しかし、何もかも遅い。菊蛍の身柄さえこちらにあれば……
菊蛍は突然記憶を失った訳ではない。そういう術は拒絶されやすい。
故に、少しずつ自身の中の歪みや目を逸したい事柄がすり替わるよう術をかけさせた。この試みは上手く運んだ。
現在の菊蛍にとってオートンは旧知の間柄であり、攻撃対象ではない。そのことがオートンを満足させていた。彼もまた、自身の所業を直視出来ないでいたのだ。
ところが、それがいとも容易く覆る。
「邪魔になった、死ね」
菊蛍は、それは美しい凄絶な笑顔で、オートンの出てきた瞬間を狙って致命傷を与えた。心臓を一突き。慈悲も情もない。
親友のことすら覚えていない今の菊蛍にとって、一目惚れした黒音以外に重要なものなど存在しなかったのだ。
オートンは自身の策によって命を落とした。
***
「というわけでブリンカーを倒したぞ」
「じゃあ俺ここにいる理由なくなった」
「俺がいるであろうが!」
あっさり始末されて拍子抜け。そりゃ蛍ならその気になれば殺れるわな。今まで殺そうとしてなかっただけで。

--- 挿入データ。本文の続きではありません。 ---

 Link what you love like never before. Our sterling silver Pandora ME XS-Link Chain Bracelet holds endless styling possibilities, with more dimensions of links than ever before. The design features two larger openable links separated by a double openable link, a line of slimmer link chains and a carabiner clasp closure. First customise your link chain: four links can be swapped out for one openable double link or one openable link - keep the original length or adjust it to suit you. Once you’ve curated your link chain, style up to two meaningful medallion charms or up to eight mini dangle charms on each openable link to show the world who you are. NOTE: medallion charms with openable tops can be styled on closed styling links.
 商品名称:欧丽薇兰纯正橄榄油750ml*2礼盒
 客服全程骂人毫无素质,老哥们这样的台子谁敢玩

「あんた、俺が殺すって言ったから殺したのか。旧知の間柄だったんだろ」
「あれから60年経っているし、拉致して閉じ込めて追い回すような奴は知らん。それほど親しかったわけでもなく、囚人兵仲間のほうがよほど気心が知れている」
アイン・Bの中では重要ポジのつもりだったと思うよ。50年接触しなかったのが響いたな。ずっと手段を変えて蛍を監視してたと思うが……

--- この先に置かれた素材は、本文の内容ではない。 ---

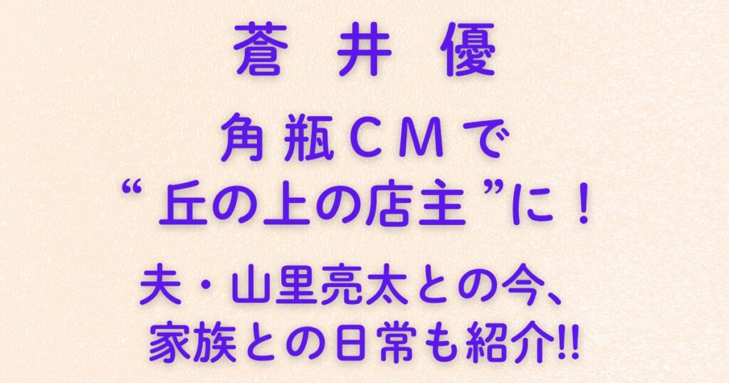 蒼井優、角瓶CMで“丘の上の店主”に!夫・山里亮太との今、家族との日常も紹介!!2025年、女優・蒼井優さんが新たに挑戦したのは、サントリーウイスキー「角瓶」の最新CMシリーズ。 丘の上にあるバーで穏やかにお客を迎える“店主”として登場し、落ち着いた空気感で大人の時間を演出しています。 共演には染谷将太さん、小林聡美さん、RAD...

「ベッカード、確認したいことが出来た。中枢ってのは何処だ。俺の視覚情報を得ている場所を知りたい」
「そのことなら心配ない。この星は俺が乗っ取るつもりである」
気軽な口ぶりで蛍が言う。俺を後ろから抱いて。
「ブリンカー……オートンを始末したのはそれもある。奴は多少の暴走が許される中心的人物だったのだろう? 薩摩の中枢にも入り込んでいた。
少なくとも命令系統が崩れる箇所があるはず。まずそこを貰い受け、他の重要人物や派閥を洗い出す。

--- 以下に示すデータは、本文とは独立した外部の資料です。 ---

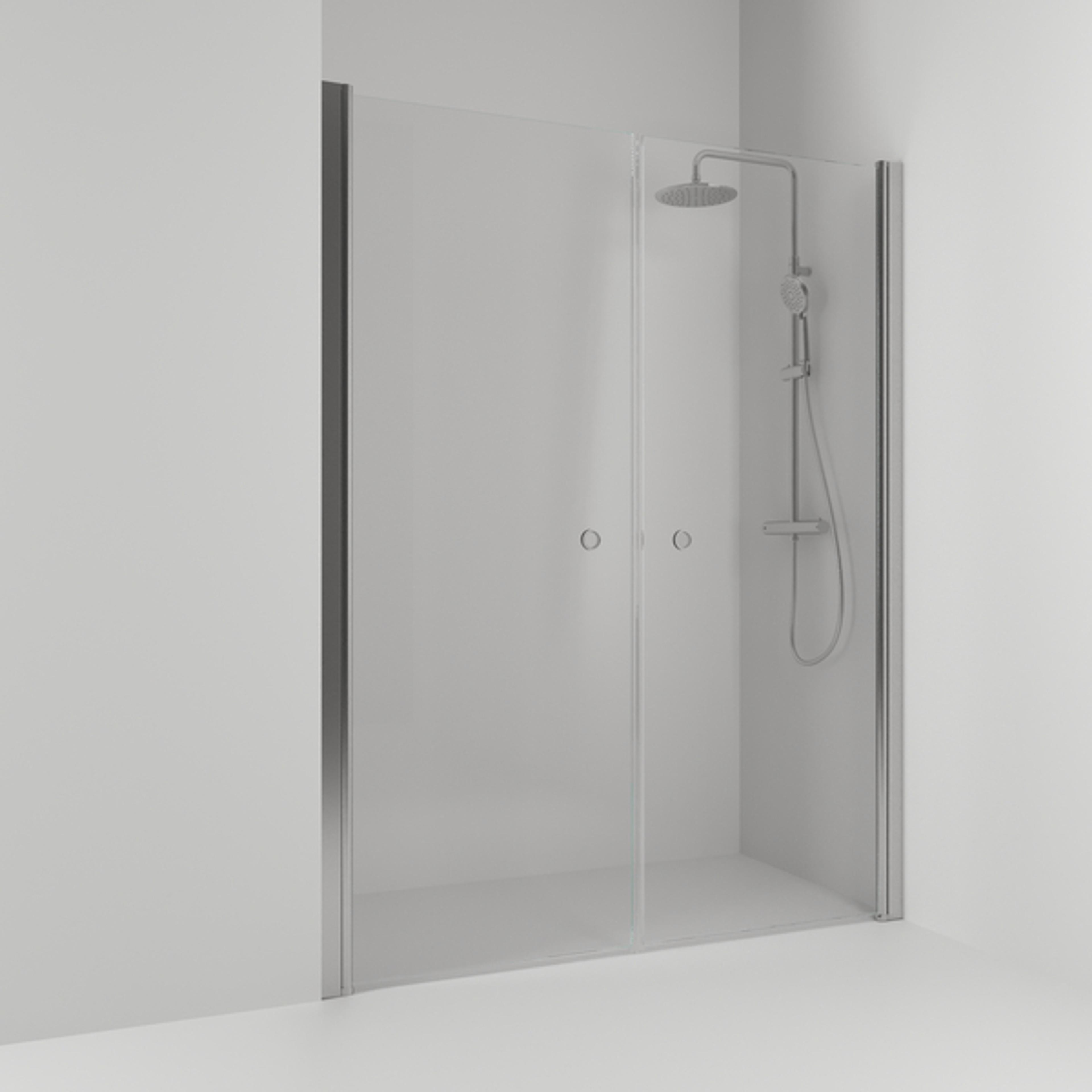 Skoga dobbel nisje med to rette dører. Høyde: 198 cm. Terskelfri inngang. Herdet sikkerthetsglass 6 mm. Inkludert hullgrep. (Håndtak fås som tilbehør). Produsert i Sverige. 20 års Leverandørgaranti

全てのブリンカーを掌握した後、星系を脱出。ガリアへ向かい、植民地とする。
俺の個人的な望みとしては、ロマ王を倒しロマの国も手中に収めたい」
恐ろしいことをピクニックの計画みたいに話す蛍。今までは鷹鶴が手綱を握ってたからよかったものの、こいつ野放しにしちゃいけない類の人間だな? ベッカードもぞーっとした表情で蛍を見てた。ベッカードたちは星を乗っ取るまでは目的を同じくしていたが、ガリアを植民地にするまでは考えてなかった。
「まあ、ガリアではなくヤマトでもよいが―――薩摩には恨みもある」
「ヤマトは駄目。薩摩は既に落ちてる。今は志摩がヤマト政府だ」
「ならば無理に簒奪する意味はないな。志摩か、よいところが王になった」
今の蛍の知る志摩の当主って、下手したら志摩王の祖父母の代じゃねーかな。カサヌイの存在すら知らないはず。
「じゃあ、蛍は俺と戦うんだな」
「ん、そうなるか」
「捕虜として俺をモノにする気?」
「形としてはそうなるが、大切にするぞ。自由も保証する」
「……あんた、もしかしてロマの王が嫌い?」
「当然であろう? お前はなんとも思わんのか。難民の王、私生児の王を名乗り、国まで作ったという。気色の悪い存在である」
んああ。蛍視点、そういうことになんのか。外の情勢なんか知らないもんなあ。
鷹鶴と一緒の仕事してただけなのに蛍だけ勝手にロマの王と呼ばれ、やむにやまれず建国して、望まない王位に就いた。こんな事情を知らなければ、ロマの王ってのはただひたすら不気味なんだ。
蛍自身、自分のことをそう感じていたのかもしれない。
蛍が倒したいのは、かつての自分自身なのか?
「―――言っておくが、俺は強い。艦隊戦じゃ負け無し。どっちかが死ぬかもしれない。それでもやるか?」
「そうせねばお前を手に入れられそうにないからな」
頬を指ですられ、俺は眉を顰める。
好きだって、あんただけだって俺が言っても、ロマの王の存在がちらつくんだろう。ならとことんまで付き合ってやる。蛍がその気なら応戦せざるをえないし。どうなるかはもう知らない。
「敵宣言した以上、馴れ馴れしく触るなよ。もう俺はこの星には関与しない。ブリンクで帰る」
「うん、そうであろうな。次に見えるときはその指輪、指ごとでも外してもらうぞ」
こっえーよ! おめーが嵌めた指輪だろうがふざけんなアホが。なんで俺が指詰めなきゃいけないんだよ今かなぐり捨ててやろうかクソが!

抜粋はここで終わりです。